* _Problem to work on_: After locating the line that contains "Wie beim Senden" in the material below, copy that line and each one following it, exactly, up to the last line. Pictures stay out.

*** Opening Stored data ***

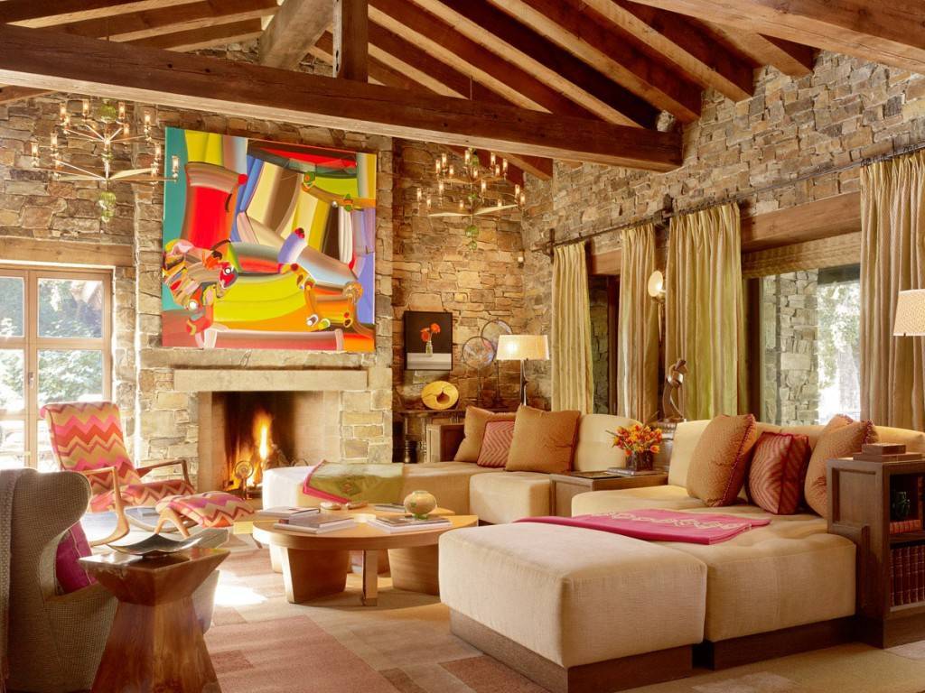 - Преобладание натуральных материалов: камня, дерева;
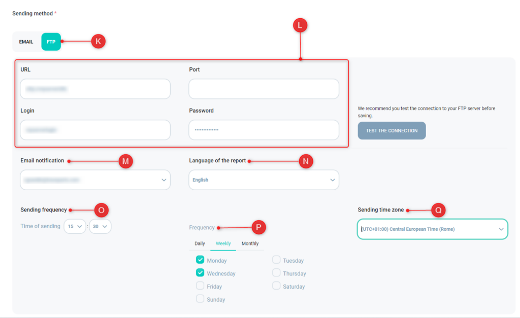 Wie beim Senden per E-Mail muss er dann die Sprache des Berichts (N), die Häufigkeit (O) und Wiederholung (P) des Versands sowie die Zeitzone für den Versand (Q) einstellen.
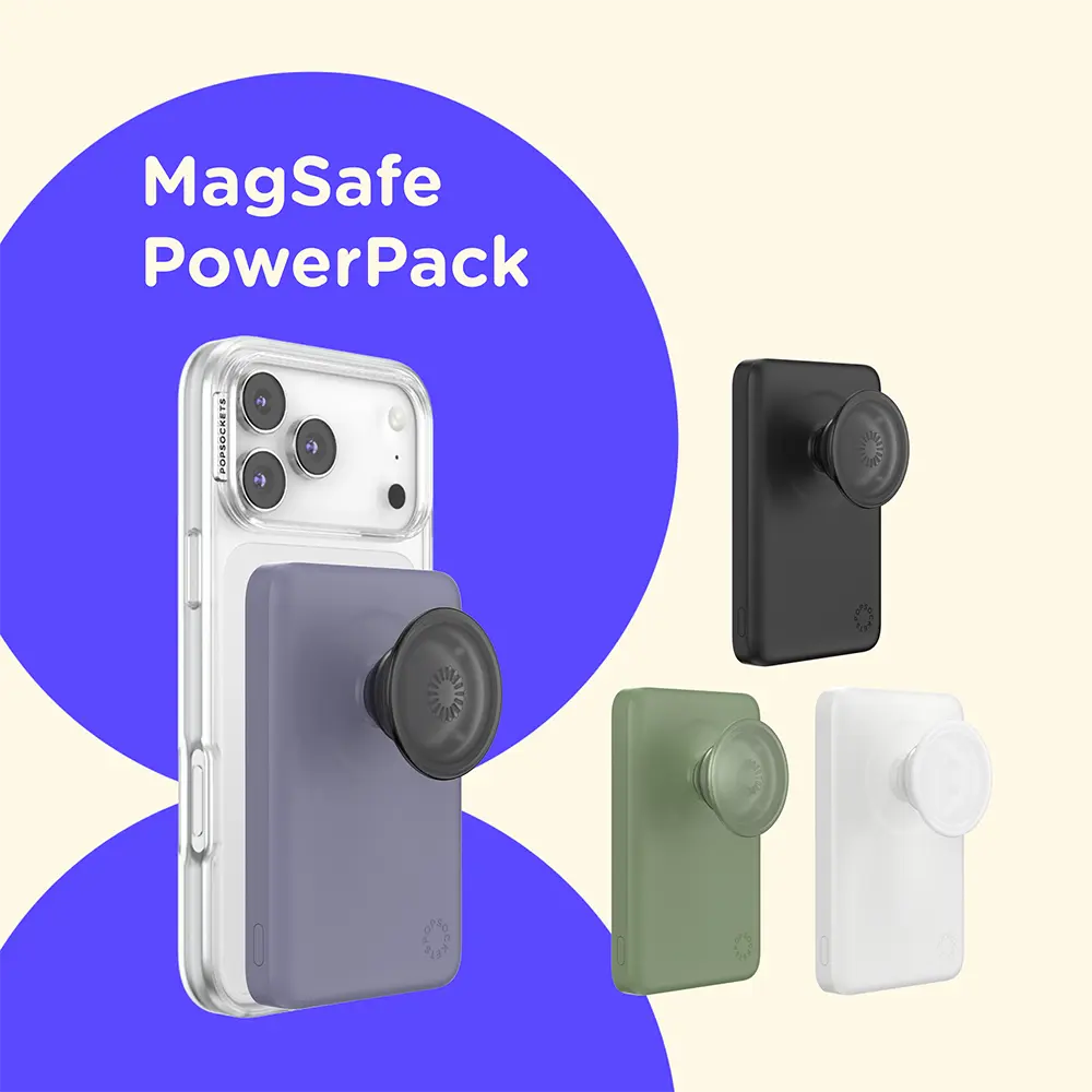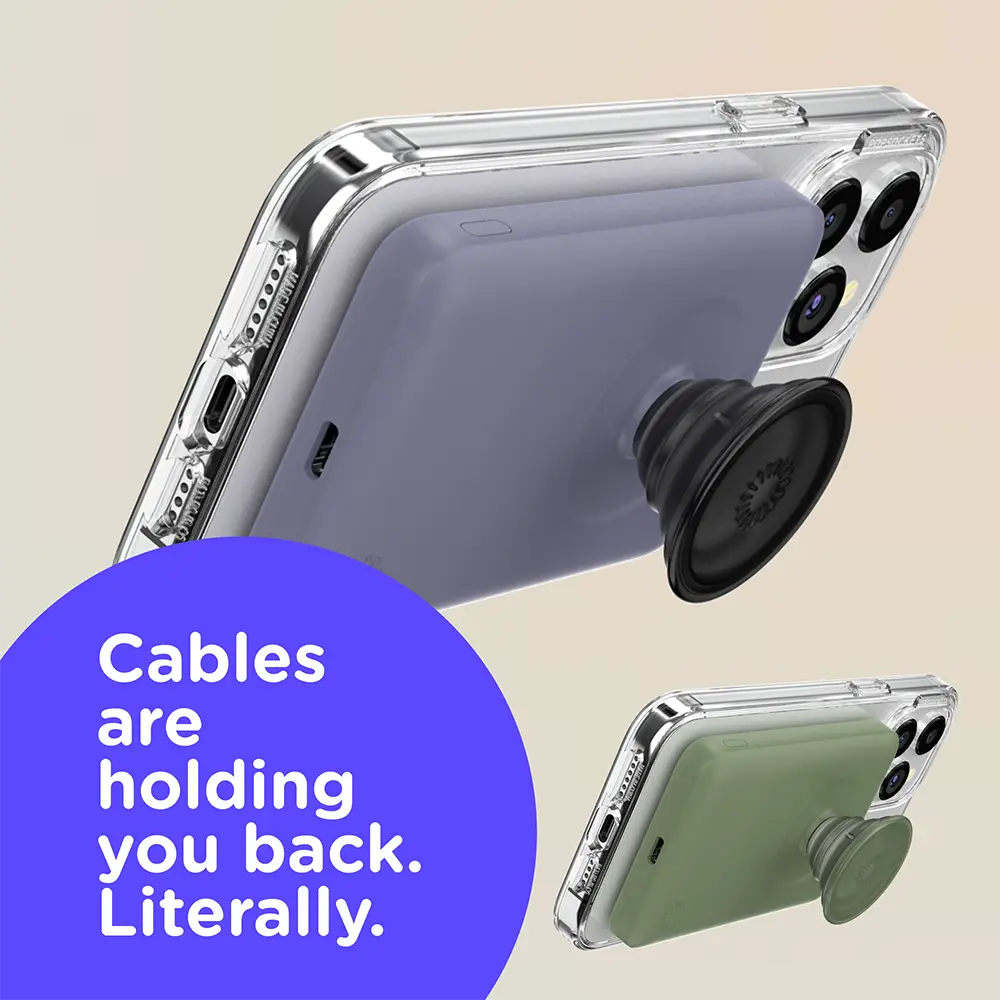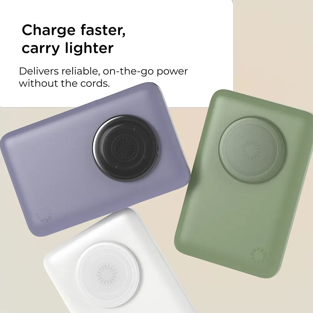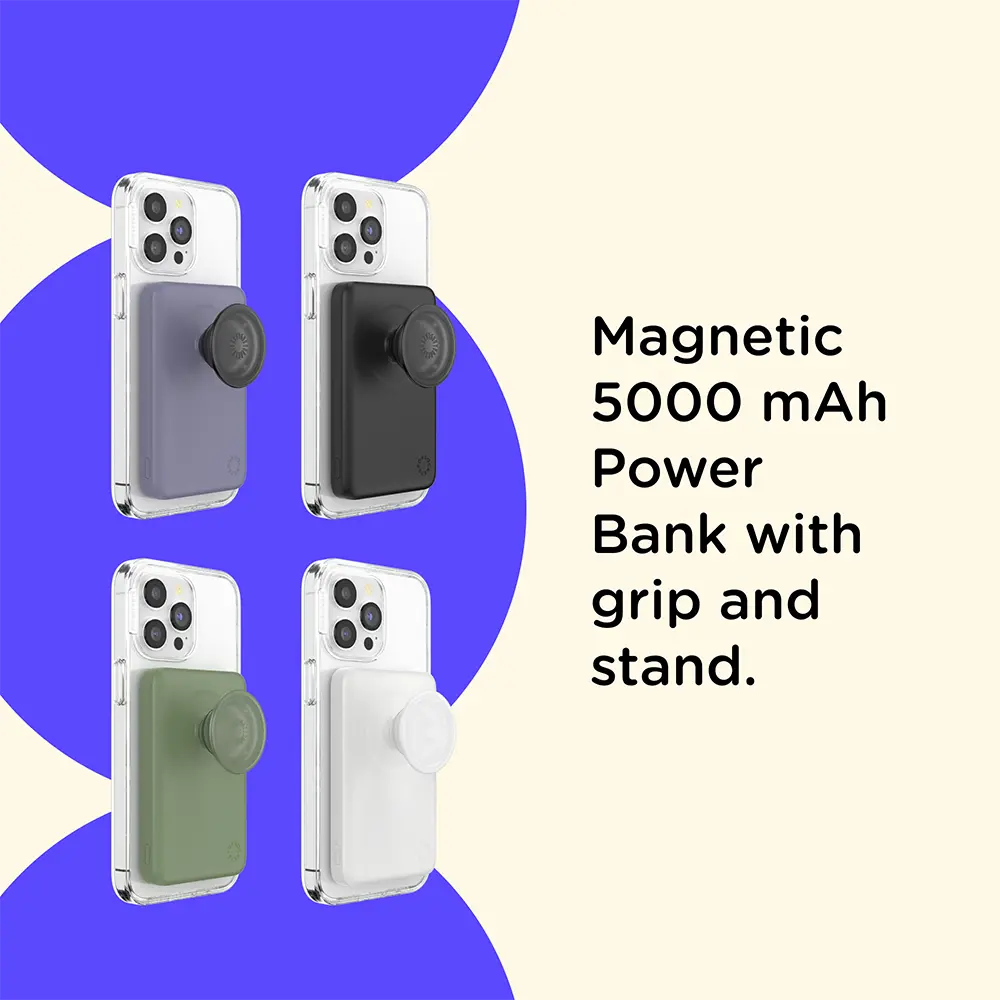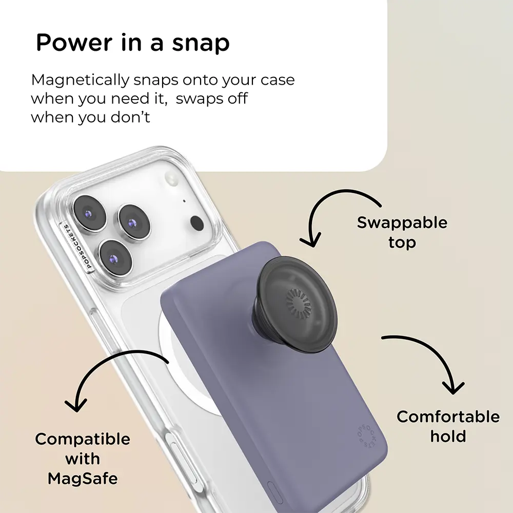 Ditch the wires with our MagSafe PowerPack. This 5000 mAh power bank magnetically snaps to your MagSafe phone or case, ensuring you can charge anytime, anywhere. The integrated PopSockets grip and stand offer comfort, security, and convenience. It supports up to 1x full charge and is optimized for portability.

*** Closing Stored data ***

* _Written response_:
 Wie beim Senden per E-Mail muss er dann die Sprache des Berichts (N), die Häufigkeit (O) und Wiederholung (P) des Versands sowie die Zeitzone für den Versand (Q) einstellen.
 Ditch the wires with our MagSafe PowerPack. This 5000 mAh power bank magnetically snaps to your MagSafe phone or case, ensuring you can charge anytime, anywhere. The integrated PopSockets grip and stand offer comfort, security, and convenience. It supports up to 1x full charge and is optimized for portability.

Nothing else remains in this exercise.